There is no need to press the panic button here. The prospect of declining antibody levels to tackle coronavirus is not a cause for alarm, experts say.
A study discovered that antibodies against the novel coronavirus declined rapidly in the British population during the summer. This means protection after infection may not be long-lasting.
However, this growing proof that COVID-19 antibody levels can reduce swiftly after someone is infected is not necessarily bad news for immunity. This also does not mean that protection offered by coronavirus vaccines will be weak or short-lived. Specialists in immunology and viruses warned against reading too much into studies of antibody levels in the blood of people previously infected with COVID-19, cautioning that antibody readings do not translate directly into levels of protective immunity.
Scientists at Imperial College London tracked antibody levels in the British population following the first wave of COVID-19 infections in March and April.
Their study found that antibody prevalence fell by a quarter, from 6% of the population around the end of June to just 4.4% in September. That raises the prospect of decreasing population immunity ahead of a second wave of infections in recent weeks that has forced local lockdowns and restrictions.
But such reports that immunity to COVID-19 might decline in line with falling blood antibody levels failed to account for the many complexities in how the body builds immunity to infections.
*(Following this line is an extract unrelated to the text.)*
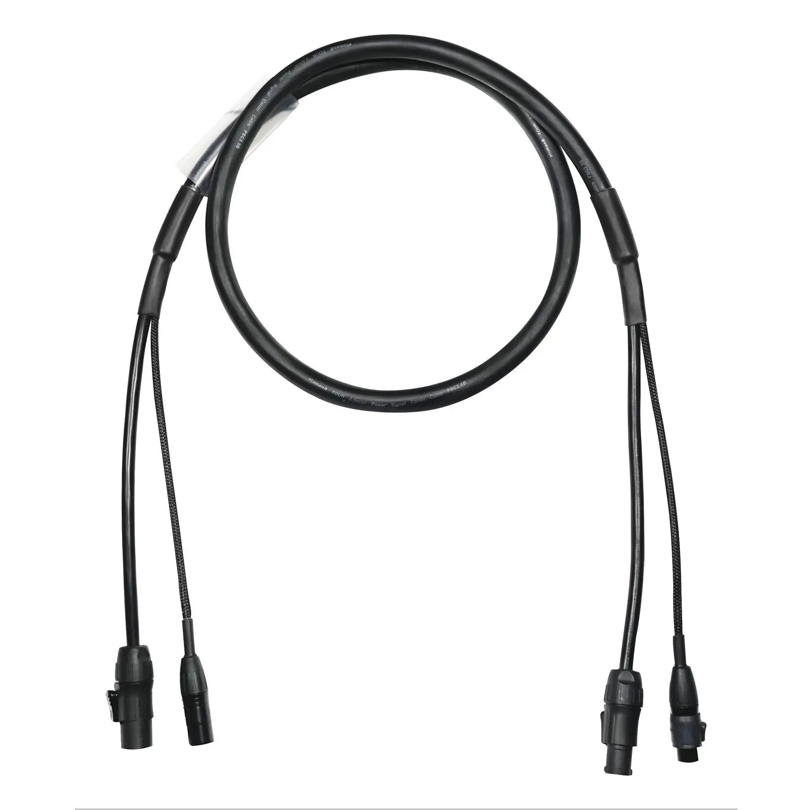 Hybrid multicore DMX signal plus power cables for linking lighting fixtures together in a convenient single outer jacket for speed of rigging while allowing the user to keep cable runs neat and tidy. These British manufactured cables are finished using nylon braided sleeving over the signal cable tail for maximum durability. These are ultra flexible and designed for touring use providing a solution to the problem of integrated signal and power distribution. Constructed using carefully selected fillers to maintain the overall shape and facilitate easier coiling. Made in Britain Genuine Seetronic connectors 5-Pin XLR female plus PowerTwist TR1 IP65 female to 5-Pin XLR male plus PowerTwist TR1 IP65 male Nylon braided signal cable secured by adhesive lined heatshrink Analogue or AES digital audio RS422/485 or DMX512 control with a 3 core power cable H05VV-F harmonised standard 2.5mm² power Clear heatshrink suitable for identification or asset label Suitable for most 110Ω balanced data applications such as RS422 RS485 DMX512 and timecode Oxygen-free copper cores for maximum signal integrity Length: 1m

“The concentration of antibodies in your blood does not equal immunity,” said Eleanor Riley, a professor of immunology and infectious disease at Britain’s University of Edinburgh.
“Immunity is not something we can just wrap up in measuring an antibody or T-cell response,” she remarked. “Immunity is about the system working together so that next time you come across the infection, you either won’t get it at all or won’t get seriously ill from it. That’s protective immunity.”
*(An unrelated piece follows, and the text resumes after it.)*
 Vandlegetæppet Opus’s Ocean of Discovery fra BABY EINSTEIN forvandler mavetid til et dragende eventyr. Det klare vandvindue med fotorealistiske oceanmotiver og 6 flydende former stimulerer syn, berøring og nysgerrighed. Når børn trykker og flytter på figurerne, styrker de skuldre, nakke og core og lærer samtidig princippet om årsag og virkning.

While antibodies induced by natural COVID-19 infection may start to decline in a few months, as a study by researchers at Imperial College found on Tuesday, the many potential COVID-19 vaccines in development are designed to induce more durable immunity by invoking strong so-called immune memory.
“Antibody responses are usually short-lived because once they have done their job you don’t need them,” said Jonathan Stoye, head of virology at Britain’s Francis Crick Institute.
“But that doesn’t mean that immunity, either induced by infection or by vaccination, is necessarily short-lived: memory cells can respond to and combat a new infection.”
Since SARS-CoV-2, the virus that causes COVID-19, is a new human virus, scientists don’t yet know what levels of immunity will turn out to be protective. But many of the vaccine makers are touting both the antibody and T-cell responses, which are increasingly seen as important to lasting immunity.
The immune system is very complicated. We know antibodies are important, but they’re not the whole story. The key factor is immune memory.
Key to the process of immunity are memory cells known as T- and B-lymphocytes. Having made antibodies to a certain virus in an initial infection, the body uses these cells to remember that pathogen, “so when you are next exposed to the virus, the antibody response kicks in much sooner”, Young said. With vaccines, a key feature is that scientists developing them can select as targets the most important bits of the pathogen – in COVID-19’s case these include the so-called “spike protein” on the surface of SARS-CoV-2 virus – to get the strongest and most lasting memory responses from T and B lymphocytes.
Recent studies show that some recovered patients who tested negative for coronavirus antibodies did develop T cells in response to their COVID-19 infection. Some scientists now say that people who experience a mild illness, or no symptoms at all, from the new coronavirus, may be eliminating the infection through this T cell response.